Provided data
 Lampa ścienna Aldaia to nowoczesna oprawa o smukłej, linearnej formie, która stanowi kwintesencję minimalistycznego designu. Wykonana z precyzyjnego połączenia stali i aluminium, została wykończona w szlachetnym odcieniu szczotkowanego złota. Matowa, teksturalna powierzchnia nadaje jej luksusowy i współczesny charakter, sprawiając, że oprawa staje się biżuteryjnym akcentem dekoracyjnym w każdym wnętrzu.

==

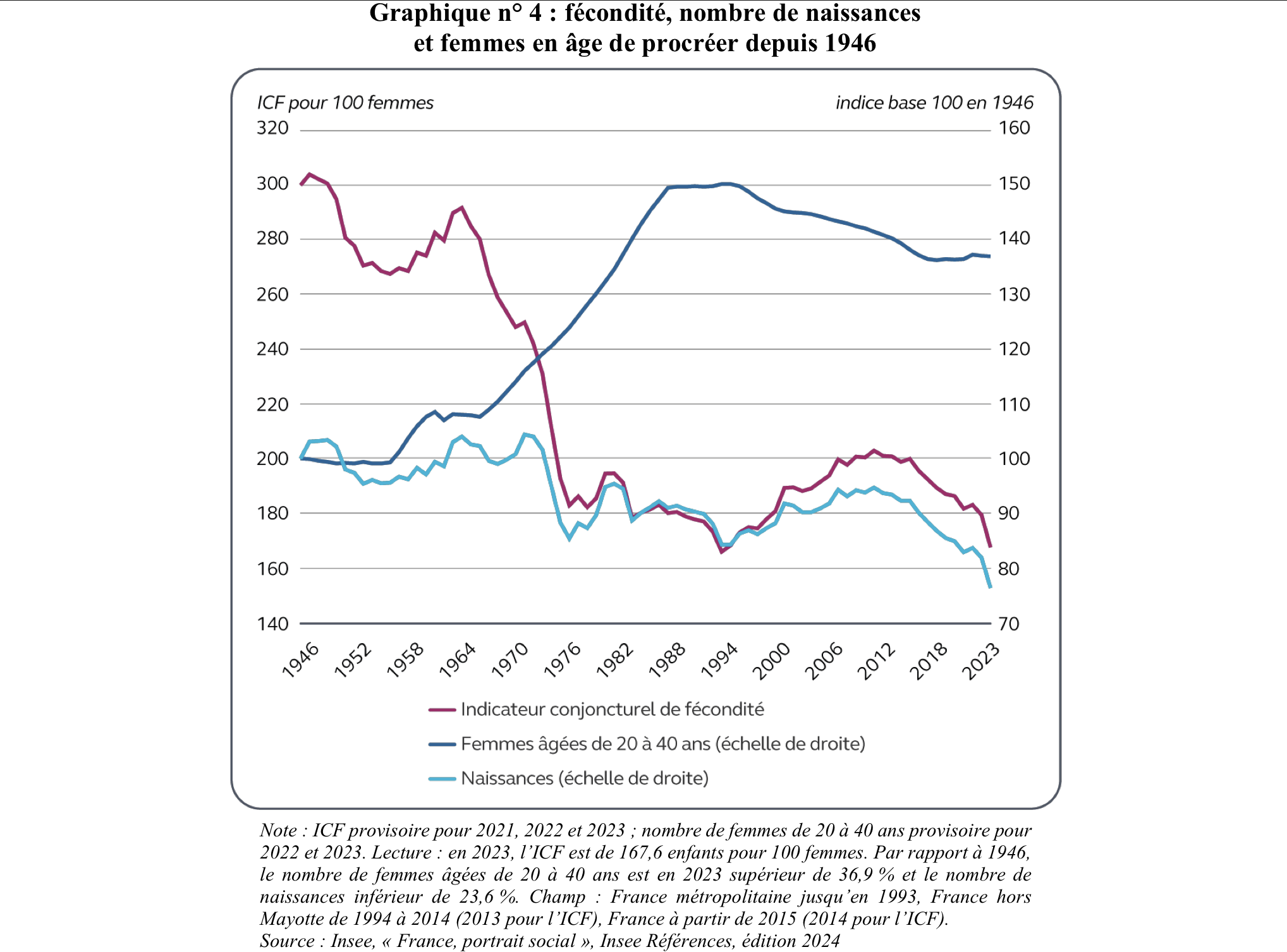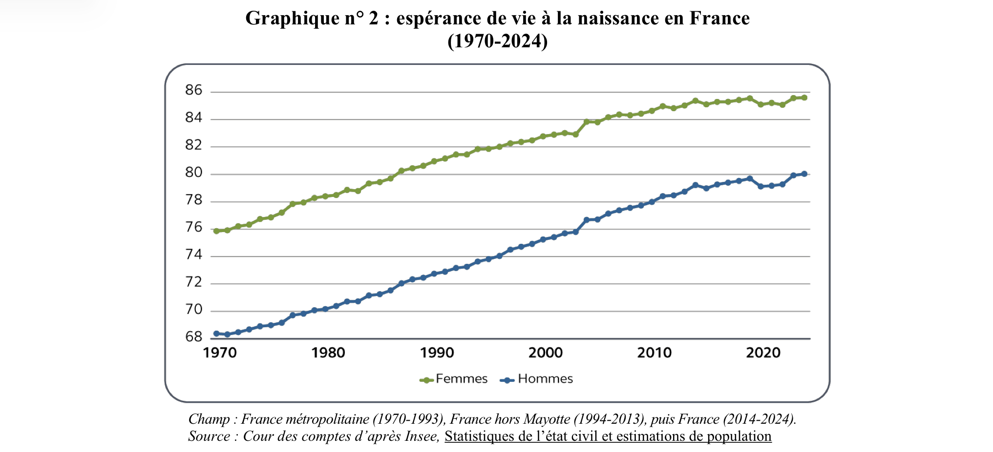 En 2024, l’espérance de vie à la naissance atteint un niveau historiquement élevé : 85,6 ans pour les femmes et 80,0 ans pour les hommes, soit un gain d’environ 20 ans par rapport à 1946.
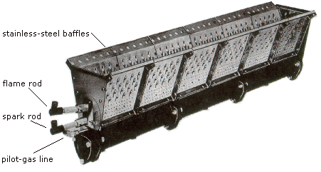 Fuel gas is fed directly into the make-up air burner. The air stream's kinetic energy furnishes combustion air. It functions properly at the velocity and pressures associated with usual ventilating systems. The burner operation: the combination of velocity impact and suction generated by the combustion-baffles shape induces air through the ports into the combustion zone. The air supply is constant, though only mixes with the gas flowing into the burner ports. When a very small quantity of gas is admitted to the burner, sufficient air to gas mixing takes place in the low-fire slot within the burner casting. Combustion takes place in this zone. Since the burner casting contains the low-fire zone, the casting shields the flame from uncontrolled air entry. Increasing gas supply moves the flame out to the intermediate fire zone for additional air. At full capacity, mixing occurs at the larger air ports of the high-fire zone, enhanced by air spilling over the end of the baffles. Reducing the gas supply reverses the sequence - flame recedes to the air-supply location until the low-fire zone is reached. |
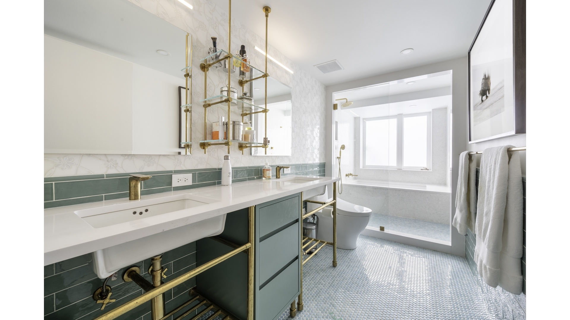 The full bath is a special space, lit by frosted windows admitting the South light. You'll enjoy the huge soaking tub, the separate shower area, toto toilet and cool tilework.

What is expected
From the records above, copy exactly the lines starting at the one with "Fuel gas is" and ending at the one with "The full bath", and no others. Pictures stay out.

Solved exercise
 Fuel gas is fed directly into the make-up air burner. The air stream's kinetic energy furnishes combustion air. It functions properly at the velocity and pressures associated with usual ventilating systems. The burner operation: the combination of velocity impact and suction generated by the combustion-baffles shape induces air through the ports into the combustion zone. The air supply is constant, though only mixes with the gas flowing into the burner ports. When a very small quantity of gas is admitted to the burner, sufficient air to gas mixing takes place in the low-fire slot within the burner casting. Combustion takes place in this zone. Since the burner casting contains the low-fire zone, the casting shields the flame from uncontrolled air entry. Increasing gas supply moves the flame out to the intermediate fire zone for additional air. At full capacity, mixing occurs at the larger air ports of the high-fire zone, enhanced by air spilling over the end of the baffles. Reducing the gas supply reverses the sequence - flame recedes to the air-supply location until the low-fire zone is reached. |
 The full bath is a special space, lit by frosted windows admitting the South light. You'll enjoy the huge soaking tub, the separate shower area, toto toilet and cool tilework.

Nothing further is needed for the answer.